The AI planning community is aware that machine learning techniques can bring a general solution to problems that require customization for every particular instantiation . The automatic (or semi-automatic) construction of a complete content planner for unrestricted domains is a highly desirable goal. While there are general tools and techniques to deal with surface realization [7,15] and sentence planning , the inherent dependency on each domain makes the content planning problem difficult to deal with in a unified framework; it requires sophisticated planning methodologies, for example, DPOCL . The main problem is that the space of possible planners is so large. For example, in the experiments reported here, it contains all the possible orderings of 82 units of information.
In this paper, we present a technique for learning the structure of tree-like planners, similar to the one manually built for our MAGIC system . The overall architecture for our learning of content planners is shown in Figure 1. As input we utilize an aligned corpus of semantic inputs aligned with human-produced discourse. We also take advantage of the definition of the atomic operators (messages) from our existing system. We learn these tree-like planners by means of a genetic search process. The plan produced as output by such planners is a sequence of semantic structures, defined by the atomic operators. The learning technique is complementary to approaches proposed for generation in summarization , that utilize semantically annotated text to build content planners.
Our domain is the generation of post cardiac-surgery medical reports or briefings. MAGIC produces such a briefing given the output from inferences computed over raw data collected in the operating room . Since we have a fully operational system, it serves as a development environment in which we can experiment with the automatic reproduction of the existing planner. Once the learning system has been fully developed, we can move to other domains and learn new planners. We will also eventually experiment with learning improved versions of the MAGIC planner through evaluation with health care providers.
The corpus we are using in our experiments consists of the data collected in the evaluation reported in . Normal work-flow in the hospital requires a medical specialist to give briefings when the patient arrives in the Intensive Care Unit. In our past evaluation, 23 briefings were collected and transcribed and these were used, along with the admission note, another gold standard, to quantify the quality of MAGIC output (100% precision, 78% recall).
In our work, we align the briefings with the semantic input for the same patient; this input can be used to produce MAGIC output for this patient. In a later stage of the learning process we also align system output with the briefings. An example of the semantic input, system output and the briefing is given in Figure 6. Note that there are quite a few differences among them. In particular, the briefings (c) are normally occurring speech. Aside from being much more colorful than our system output, they also include a considerable amount of information not present in our semantic input. And there is also some information present in our system that is not being said by the doctors. This is because at the time the briefing is given, data such as the name of the patient is available in paper format to the target audience.
The planner currently used in the MAGIC system was developed with efficiency in mind, but it lacks flexibility and it is more appropriate for formal speech or text.

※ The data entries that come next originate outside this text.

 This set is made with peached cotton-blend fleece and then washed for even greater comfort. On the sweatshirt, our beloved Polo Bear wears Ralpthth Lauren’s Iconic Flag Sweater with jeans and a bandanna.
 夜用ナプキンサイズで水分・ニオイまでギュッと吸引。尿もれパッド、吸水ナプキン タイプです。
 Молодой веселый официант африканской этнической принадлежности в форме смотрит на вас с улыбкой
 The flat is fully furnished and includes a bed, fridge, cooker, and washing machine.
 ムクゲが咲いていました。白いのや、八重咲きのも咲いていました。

It has a total of 274 operators; 192 are structure-defining (discourse or topic levels) and 82 are data defining (atomic level) operators1. An atomic operator may select, for example, the age of the patient, querying the semantic input for the presence of a given piece of information and instantiating of some semantic structures. Those semantic structures can be as complex as desired, referring to constants, and function invocations. It is also possible for an atomic operator to span several nodes in the output plan if its specified data is multi-valued. During the execution of the planner, the input is then checked for the existence of the datum specified by the operator. If there is data available, the corresponding semantic structures are inserted in the output. The internal nodes, on the other hand, form a tree representing the discourse plan; they provide a structural frame for the placement of the atomic operators. Thus, the execution of the planner involves a traversal of the tree while querying the input and instantiating the necessary nodes.
Our task is to learn a tree representing a planner that performs as well as the planner developed manually for MAGIC. We explore the large space of possible trees by means of evolutionary algorithms. While we use them to learn a content planner, they have also proven useful in the past for implementing content planners . Note that both tasks are different in nature, as ours is done off-line, only once through the life-time of a system, while their use of the GA search will be performed on every execution of the system.

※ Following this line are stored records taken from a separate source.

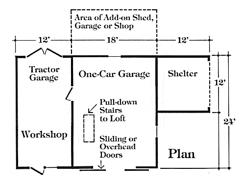 Plans are $59.00 plus $5.00 for shipping, for three complete sets of drawings. The plans come with a complete money-back guarantee and include a variety of optional add-on sheds, shops, garages, greenhouses and carports that help you build any of sixteen standard layouts, including the one shown above. All sixteen of the standard layouts are shown on the plans you'll receive. You can build any of them, or you can use the main building plans and any of the add-ons to create your own custom design.
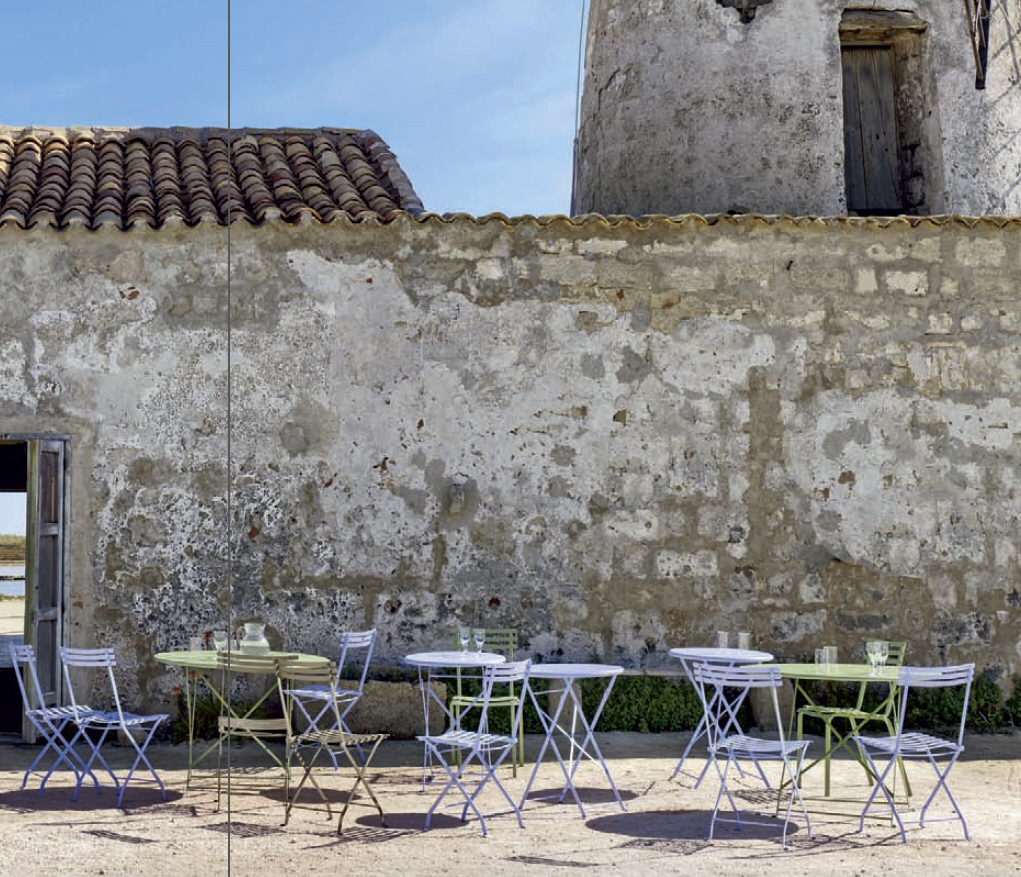 Włoskie stylizowane metalowe krzesła Flower I składane dedykowane do kawiarni, restauracji lub ogrodu.
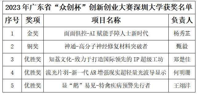 深圳大學在2023年廣東“眾創杯”創業創新大賽斬獲金獎!

In a genetic search, a population of putative solutions, known as chromosomes, is kept. In our case, each chromosome is a tree representing a possible content planner. Figure 2 shows an example planner and how it realizes semantic input when data is missing (B) or duplicated (D). In each cycle, chromosomes are allowed to reproduce themselves, with well-fitted chromosomes reproducing more often. Normally two types of reproductive mechanisms are provided: mutations (that produces a new chromosome by modifying an old one) and cross-over (that produces a new chromosome by combining two existing ones, its `parents').

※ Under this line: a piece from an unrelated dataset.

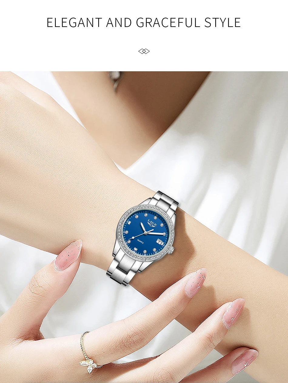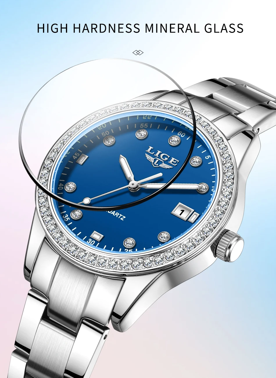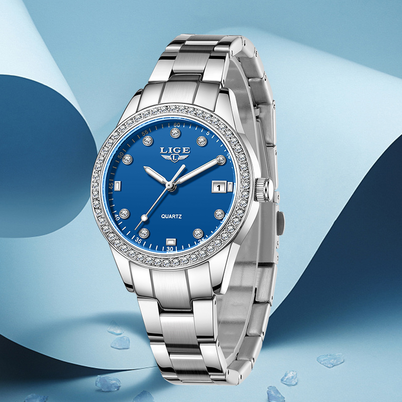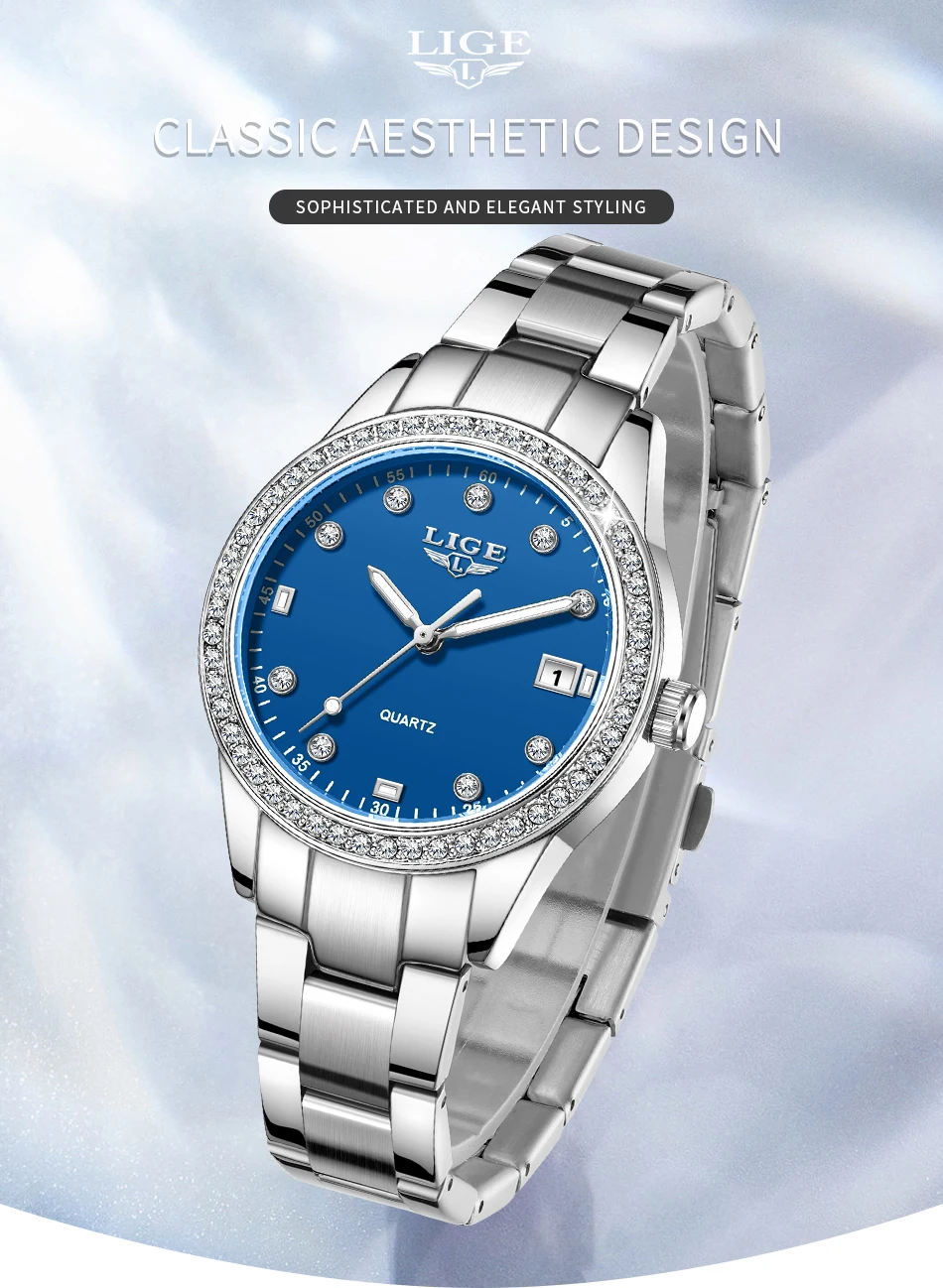 LIGE Fashion Simple Design Quartz Woman Watch Casual Elegant Luxury Waterproof Calendar Stainless Watches for Women Ladies Gifts
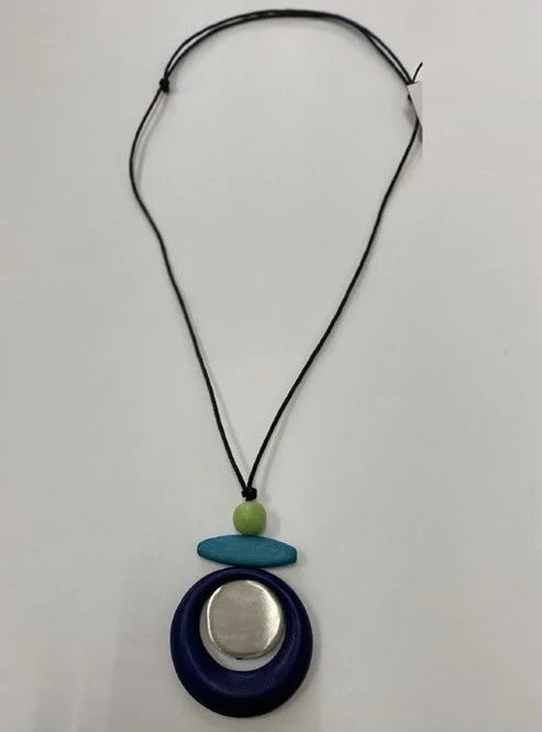 This one has Navy, Teal and a green bead with a painted silver disc in center

Each chromosome has an associated fitness value, that specifies how well or promising the chromosome looks. A main contribution of our work is the use of two corpus-based fitness functions, and . We use an approximate evaluation function, that allows us to efficiently determine whether order constraints over plan operators are met in the current chromosome. We use the constraints we acquired on this domain ,2 Figure 4). These constraints relate sets of patterns by specifying strict restrictions on their relative placements. Note that a chromosome that violates any of these constraints ought to be considered invalid. However, instead of discarding it completely, we follow Richardson and colleagues  and provide a penalty function, in order to allow the useful information contained in it to be preserved in future generations.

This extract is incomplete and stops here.